The copy should begin at the line containing "We have been" and end at the last line of the material. Please reproduce those lines exactly and keep pictures out.

▶ Given data:
········
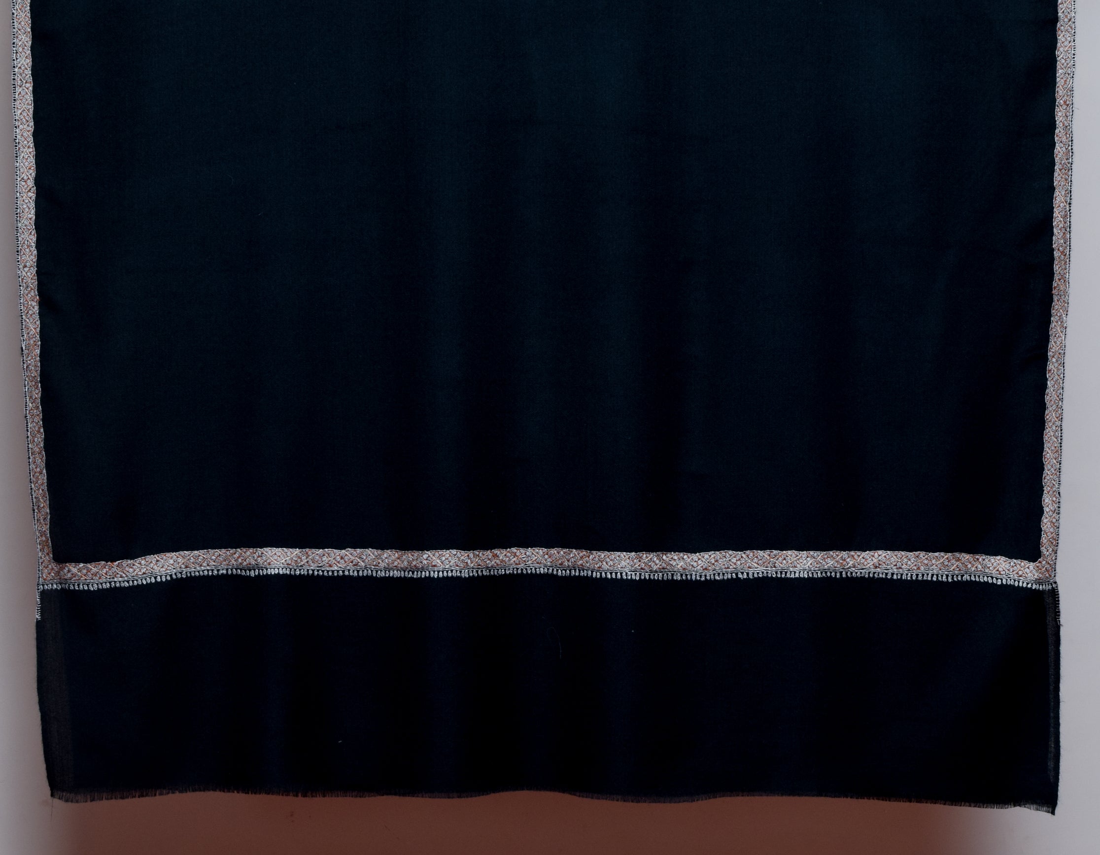 CRAFT FORM : Woven on a handloom and adorned with fine hand sozni embroidery, crafted using traditional Kashmiri techniques.
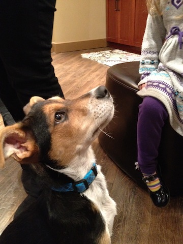 We have been in there before with no specific reason except to let the girls play with the dogs, cats, rabbits and guinea pigs, but this time I connected with a puppy and made the snap decision to adopt him. He is a beagle mix (they say Austalian Shephard, we think terrier), 3-4 months old. We have lost three pets in the last few months and our dog is getting older. A puppy will take us through our kids graduating from high school.
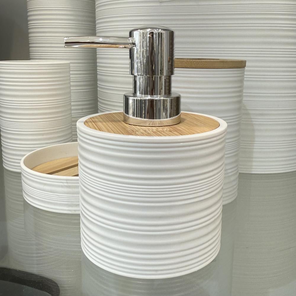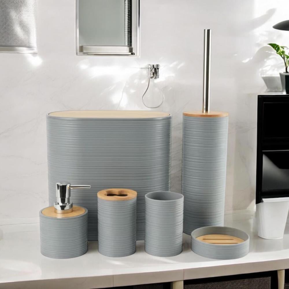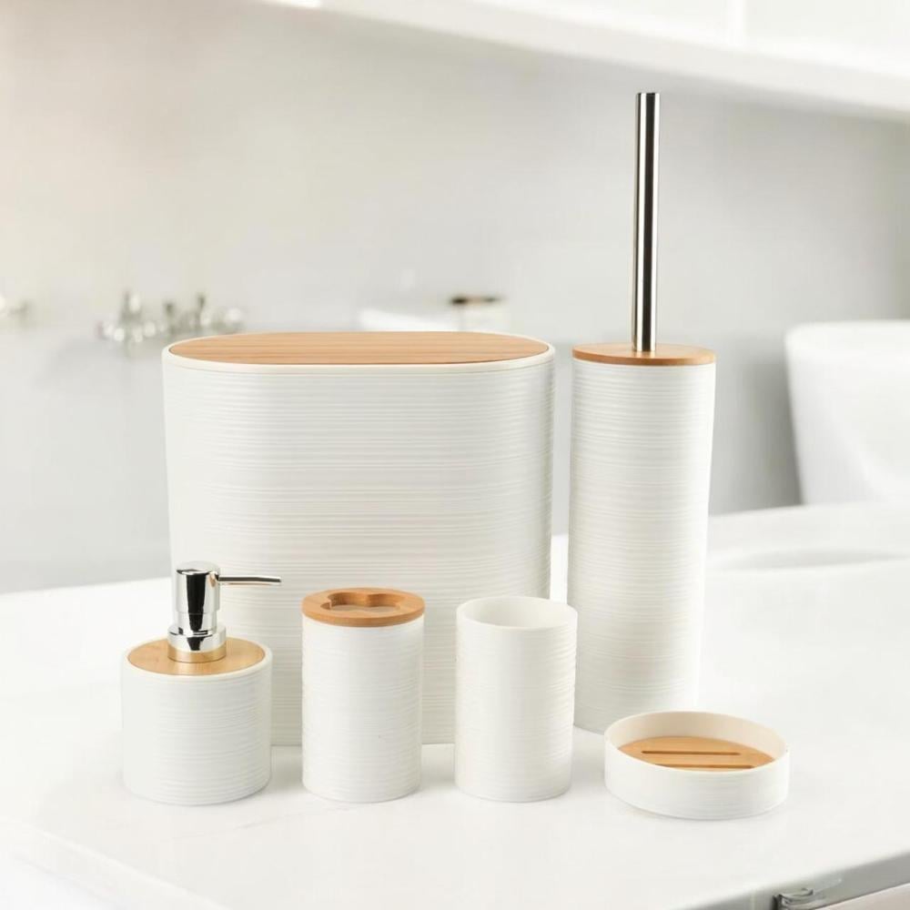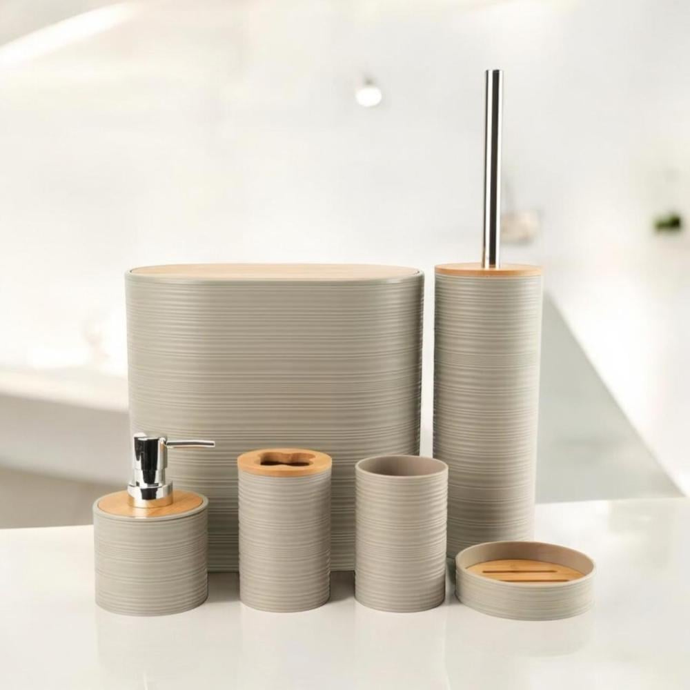 طقم حمام 6 قطع بلاستيك وخشب بتصميم عصري (أبيض / رمادي / بيج)
········
▶ Your solution:
 We have been in there before with no specific reason except to let the girls play with the dogs, cats, rabbits and guinea pigs, but this time I connected with a puppy and made the snap decision to adopt him. He is a beagle mix (they say Austalian Shephard, we think terrier), 3-4 months old. We have lost three pets in the last few months and our dog is getting older. A puppy will take us through our kids graduating from high school.
 طقم حمام 6 قطع بلاستيك وخشب بتصميم عصري (أبيض / رمادي / بيج)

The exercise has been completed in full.